§ ACTIVITY: From the first line to the last, please reproduce the material exactly, skipping the pictures.

§ STORED DATA:
-*-*-

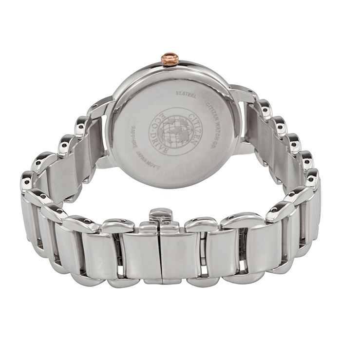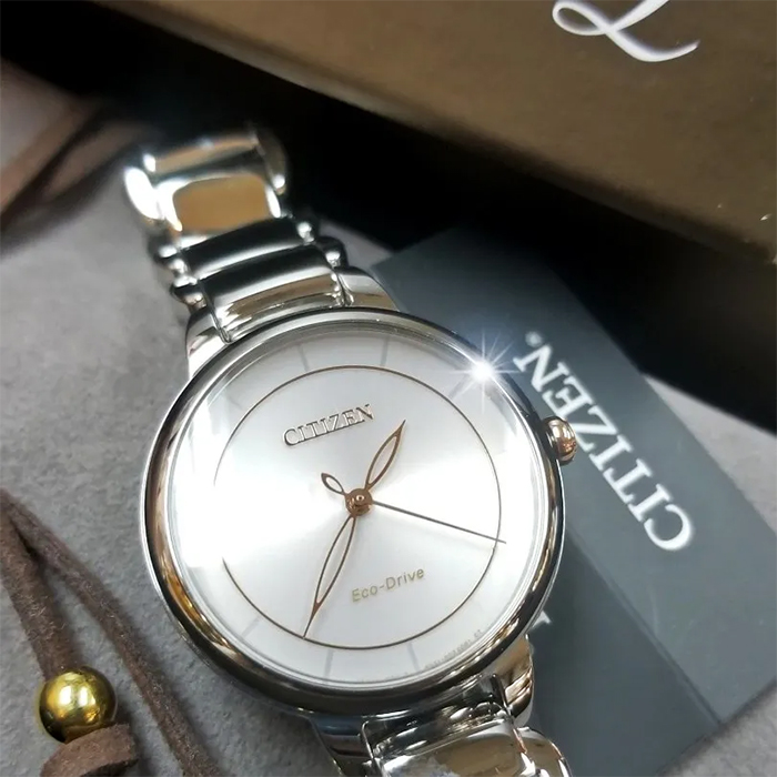 Женские кварцевые часы на солнечной батарее Citizen EM0676-85X коллекции Eco-Drive. Калибр механизма — E031. Аккумулятор данной модели заряжается от любого источника света. Срок работы аккумулятора с полным зарядом — до 180 дней. Примерный срок службы аккумулятора — 10 лет. Имеется функция предупреждения о недостаточном заряде и функция предотвращения перезаряда. Установлено устойчивое к царапинам сапфировое стекло. Стальной браслет. Водонепроницаемость WR50 (5 атм).
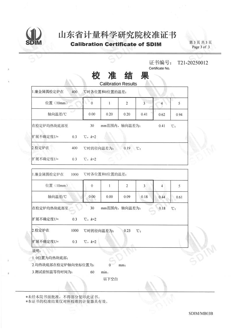 廉金屬熱電偶檢定爐(300~1200℃)校準證書 2025-2-26 本文被閱讀 4157 次
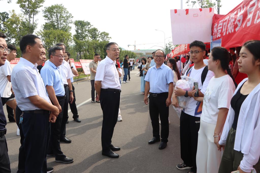 校党委副书记、校长李文喜,校领导安涛、张昌林在市中校区看望报到新生,并慰问迎新工作人员与志愿者。李文喜勉励新生胸怀高远志向,珍惜大学时光,努力成长为国家社会发展所需的栋梁之才,并感谢家长们对best365体育官网平台的信任,表示学校将携手家长一起关心新生的学习、健康和生活,让孩子们健康快乐地成长。在迎新现场,李文喜详细了解新生报到、服务保障、各单位亮点举措等情况,希望迎新工作人员热情周到地做好迎新工作,共同营造良好的学习生活环境,帮助新生尽快融入学校。

-*-*-

§ RESULT BELOW:
 Женские кварцевые часы на солнечной батарее Citizen EM0676-85X коллекции Eco-Drive. Калибр механизма — E031. Аккумулятор данной модели заряжается от любого источника света. Срок работы аккумулятора с полным зарядом — до 180 дней. Примерный срок службы аккумулятора — 10 лет. Имеется функция предупреждения о недостаточном заряде и функция предотвращения перезаряда. Установлено устойчивое к царапинам сапфировое стекло. Стальной браслет. Водонепроницаемость WR50 (5 атм).
 廉金屬熱電偶檢定爐(300~1200℃)校準證書 2025-2-26 本文被閱讀 4157 次
 校党委副书记、校长李文喜,校领导安涛、张昌林在市中校区看望报到新生,并慰问迎新工作人员与志愿者。李文喜勉励新生胸怀高远志向,珍惜大学时光,努力成长为国家社会发展所需的栋梁之才,并感谢家长们对best365体育官网平台的信任,表示学校将携手家长一起关心新生的学习、健康和生活,让孩子们健康快乐地成长。在迎新现场,李文喜详细了解新生报到、服务保障、各单位亮点举措等情况,希望迎新工作人员热情周到地做好迎新工作,共同营造良好的学习生活环境,帮助新生尽快融入学校。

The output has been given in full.